I think that this is a global tragedy for the citizens of the world, because this global media oligopoly has dire consequences in terms of how these global powers exert their economic, financial, and political dominion throughout the world. Until national laws are reformed radically, which needs to be done categorically, they [the global media oligopoly] will continue to have practically total control over all communications. What does this mean? They can build narratives; they make up the stories that regular people end up believing concerning economics, the environment, politics, and everything else. It is decided and defined by narratives shared among the media conglomerates worldwide.

As I was saying, until national laws are instituted to radically change this reality in each nation-state, it will be very difficult to expect to reach global awareness of any issue; particularly the issue that we are dealing with here of world war. This can be extended to any situation, because they not only hoard the production of narratives, but they also monopolize the audience share on a global basis. Think, for instance, of what happens in countries like Brazil or Mexico. In the Mexican case, there are a mere two TV corporations that take up 94% of the viewer time.

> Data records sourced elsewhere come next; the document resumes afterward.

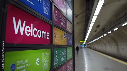 vibrant "Welcome" sign in multiple languages, showcasing the international nature of air travel. Airport signs, traffic signs, airport symbols
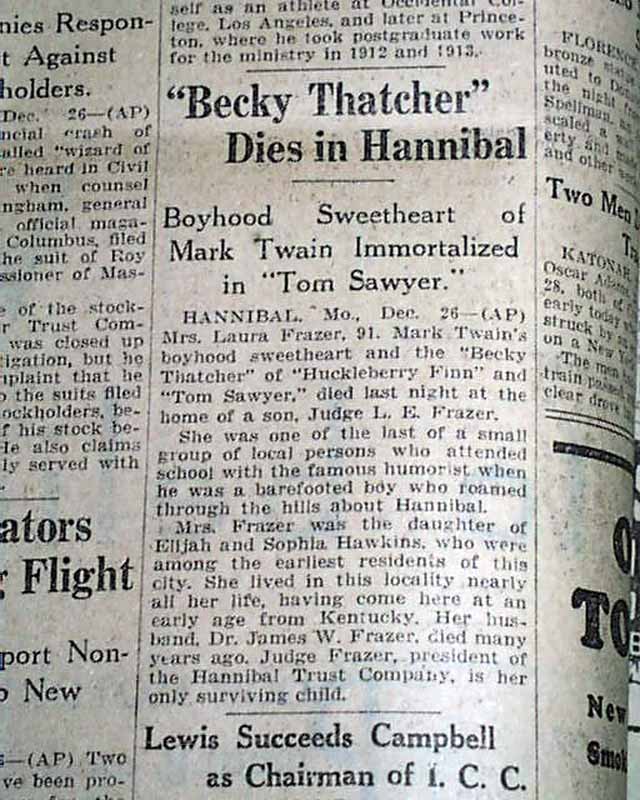 Page 4 has a one column heading: "'Becky Thatcher' Dies in Hannibal" with subhead. (see images)
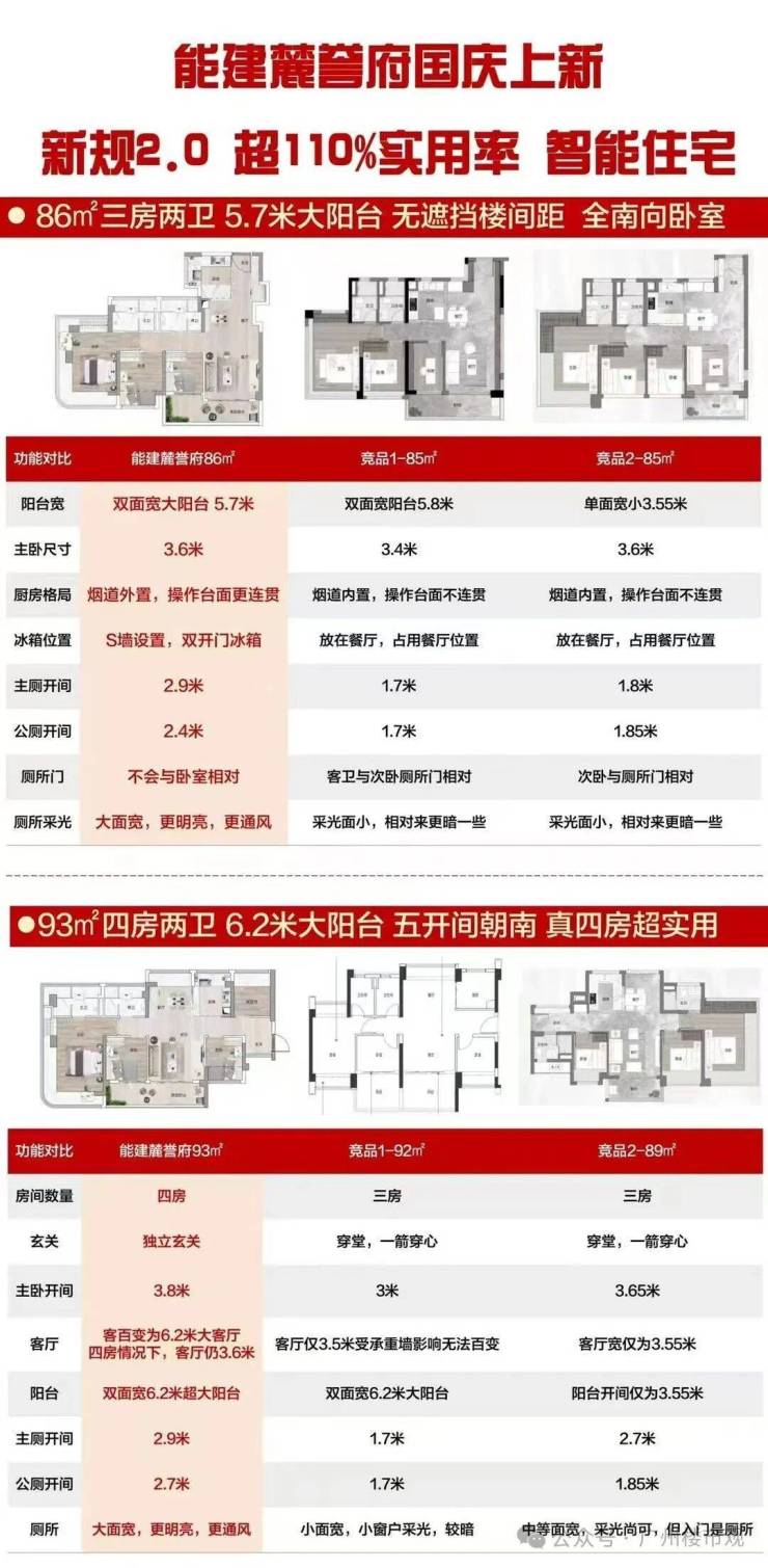 国庆期间项目加推的14栋建面约86㎡三房、93㎡四房全新新规2.0智慧住宅,空间、功能、装标三大维度都做了PLUS升级——
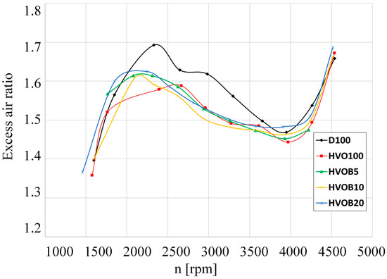 The air intake system of a compression ignition engine functions with an abundance of air, as depicted in Figure 6. Based on the obtained results, it can be observed that at an engine speed of 1500 rpm, the excess air ratio of HVO100 is decreased by 3% compared to conventional diesel, depending on the engine speed. Nevertheless, the introduction of biobutanol to HVO resulted in an increase in the excess air ratio. The addition of biobutanol at a concentration of 5% (referred to as HVOB5) resulted in a 12% increase, while the addition of biobutanol at a concentration of 10% (referred to as HVOB10) yielded a value equivalent to that of D100. Nevertheless, when the concentration of biobutanol in HVO fuel was increased to 20%, it was observed that the excess air ratio value was lower compared to that of conventional diesel, namely at 2.2%. The engine speed reached a maximum of 4500 rpm when using HVO100, HVOB10, and HVOB20 fuels. The air surplus values for these fuels were slightly higher, ranging from 0.6% to 1.8%, compared to ordinary diesel. The value of HVOB5 fuel was 1.2% lower compared to D100. The air-to-fuel ratio parameter determines the concentration of unburned hydrocarbons.
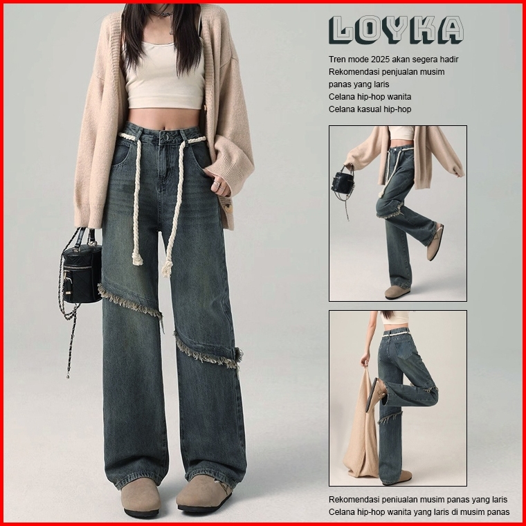 Loyka Celana Highwaist Kulot Jeans Loose Wanita Baggy Retro Jeans Cewek Korean Style

In Brazil, it’s a similar situation. It is highly unlikely that we can grow a world citizenship that is aware if we do not disperse these yokes that distort the global narrative.

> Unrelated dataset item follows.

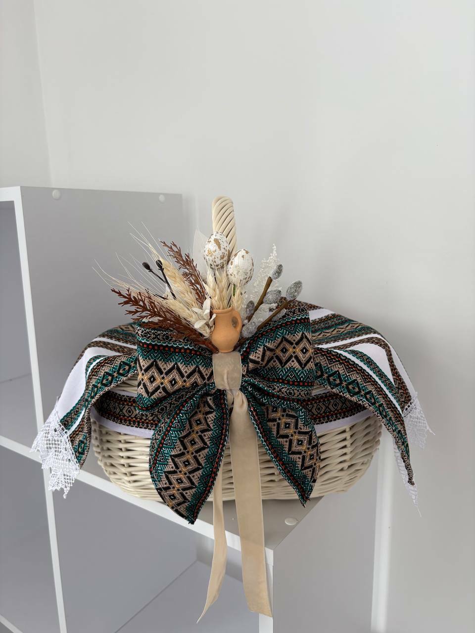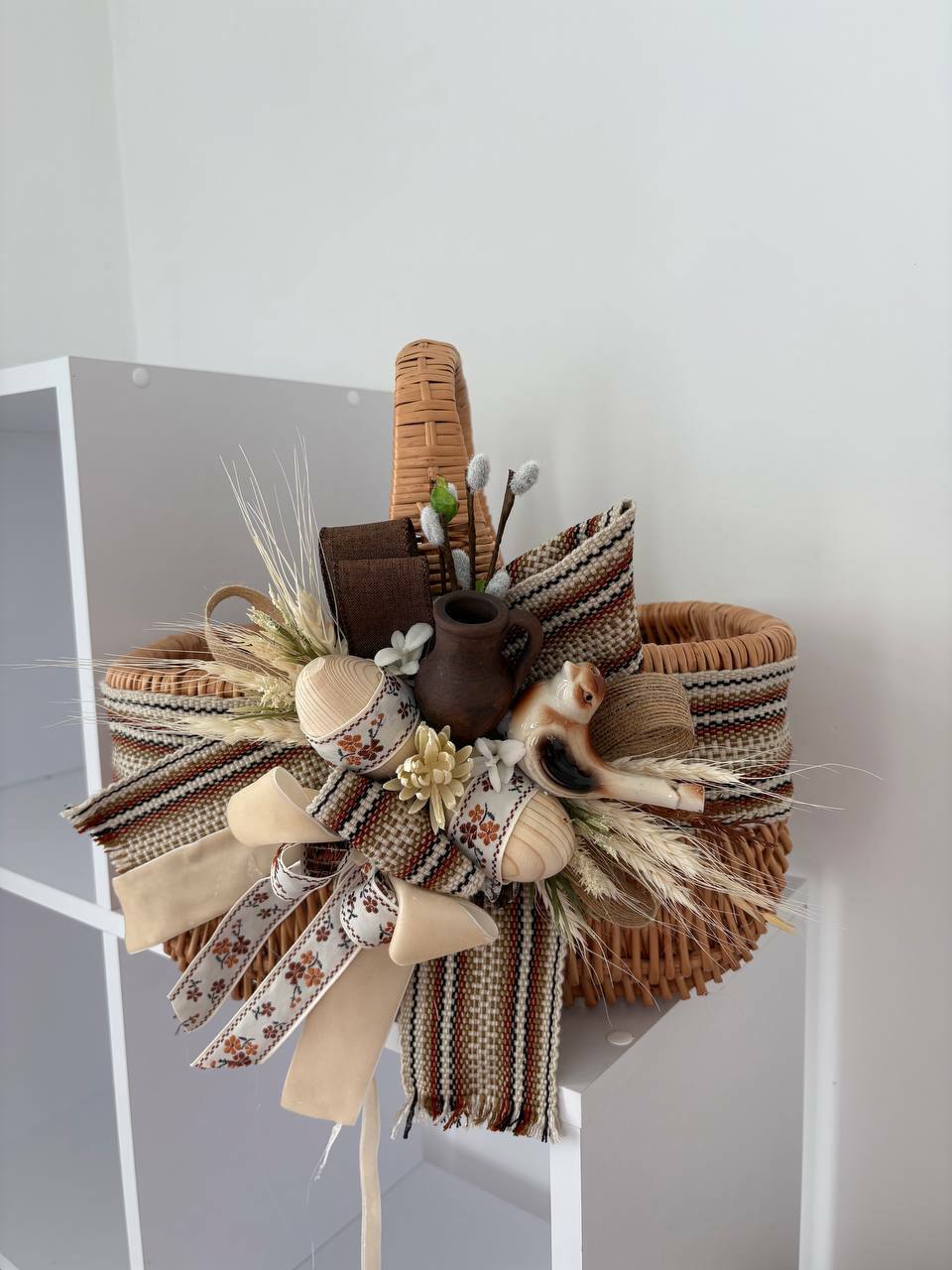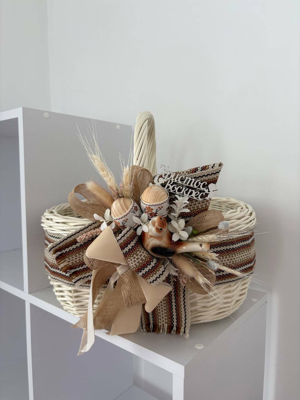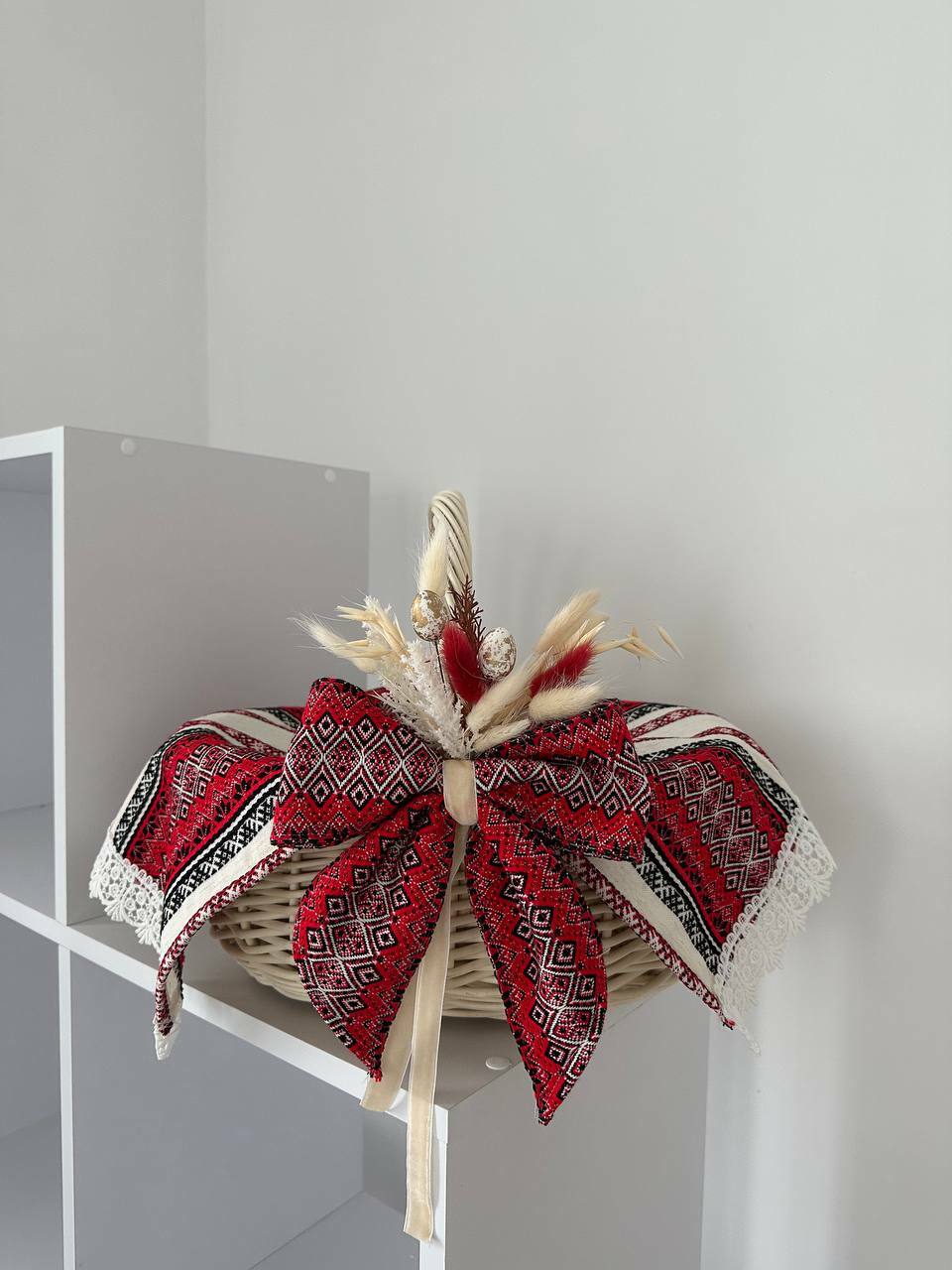 Набір: кошик+бантик з декором+ стрічка кругом кошика+серветка.

I maintain that if we want to introduce changes in economics, finances, politics, we need to be able to build on the idea of a global citizenship. To achieve this, we must also organize in such a way that we can counteract these narrative schemes that prevent us from having a real view of what is occurring on the planet, and in each country in the world. So far, the ability of these powers to self-legitimize to the majorities with narratives that are only convenient to interests that hold this hegemony, is the rule.

For many years for instance, neo-liberalism was presented as the end of history; the last step. There are still people who defend neo-liberal policies as options to solve financial and economic problems in the world. There are still people who believe that certain economic policy measures, or policy measures in general, are the only ones that can save the planet. We as citizens of the world must ask ourselves if this is true, or should we perhaps also put in question the logic upon which this narrative is built.

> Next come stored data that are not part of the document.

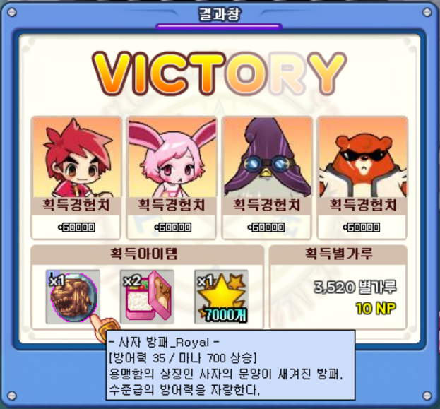 아무튼 꽤나 힘들었지만 만티코어는 체력 회복을 하지 않기 때문에 비슷비슷한 시간대에 잡을 수 있었습니다. 보스 아이템으로 '사자 방패_Royal'을 얻었는데, 기존에 착용하고 있던 방패가 능력치가 비슷비슷해서 적당히 맞춰서 사용하기로 했습니다.
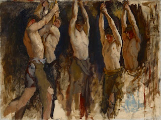 This is "Men at an Anvil," one of the homoerotic paintings of the Gilded Age, now on display at the Yale University Art Gallery. (the men are holding hammers, not hanging by their arms).
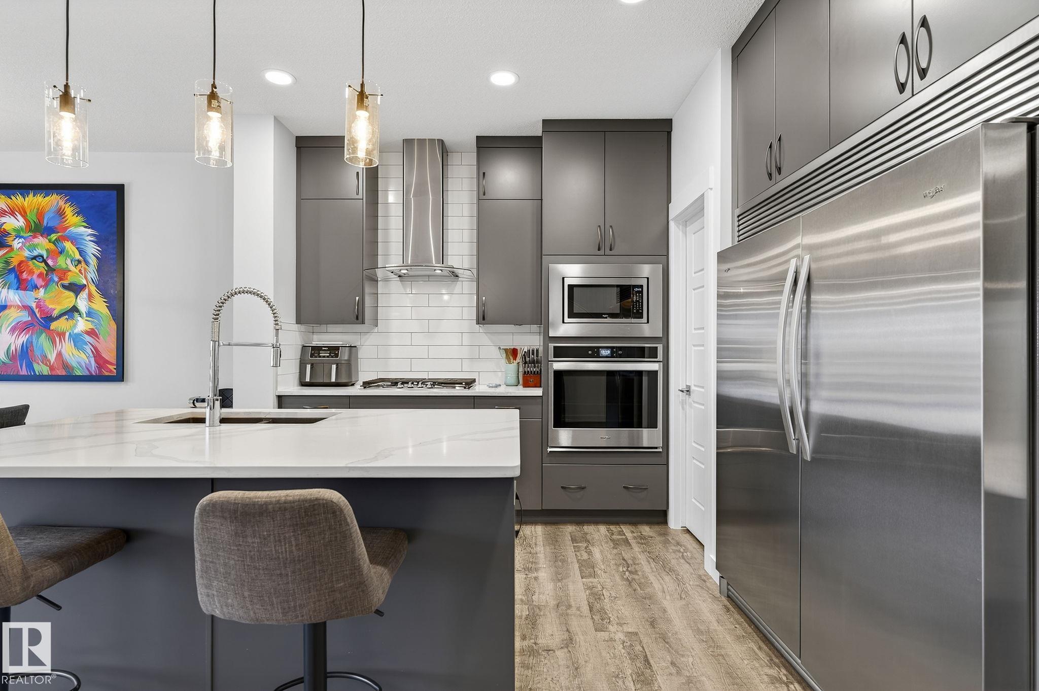 It’s Simply Marvelous in McConachie! Welcome to this beautifully finished 1857 sq ft half duplex in a highly desired neighborhood. This home blends modern style with functional design and includes a legal basement suite—ideal for families or investors. Step inside to an open-concept main floor featuring a bright living area with a cozy fireplace and a stylish kitchen with stainless steel appliances, gas range, and ample cabinets. A convenient 2-piece bath completes the level. Upstairs offers plush carpeting, a spacious primary bedroom with 4-piece ensuite, two additional bedrooms, bonus room, another full bath, and upper-floor laundry. The legal suite below adds great rental potential with a second kitchen, living area, bedroom and 4-piece bath. Enjoy the fenced large southwest yard, deck, A/C and ovzd double garage. Close to all amenities, schools, parks, shopping & access to the Henday. A move in ready gem offering comfort, income potential, and incredible value in a vibrant, family-friendly community!

Much could be said about this, but unfortunately, we don’t have that much time.

However, if in the last century and the century before last, the main enemies of equality and justice were the owners of the means of production, today we can say that the problem is also who owns the global communications media.

So, I propose that we, as humanity, cannot continue to be blind to this world phenomenon. Nor can we continue to aspire to assemble a true world citizenry unless we do everything necessary as nation states and citizens of the world to counteract the brutal power of global media monopolies. If we as citizens wish to succeed in the struggle that we have set for ourselves, we truly need to reflect deeply on the fact that information is what defines collective perceptions throughout the planet.

If people are influenced by distorted, erroneous information, or lying, most likely we will be unable to pull together the collective action we need to be able to transform this humanity, in which more than 70% or 80% of the population are impoverished, and deprived of their resources, their mines, their power, their forests, their water, by these powers which are hegemonic in the world and who perhaps represent a tiny minority of 1%, 2%, at most 3% of the people of the world.

It is very grave that we are living this way on this planet, and that so far, there are not many alternatives. We do have the internet and the social media, through which we may eventually be able to find a way to organize a first resistance to this.

How long must this war continue? How long will these lying narratives which prevent us from acting, continue to prevail? Perhaps until we are able to organize ourselves to counteract this great world power.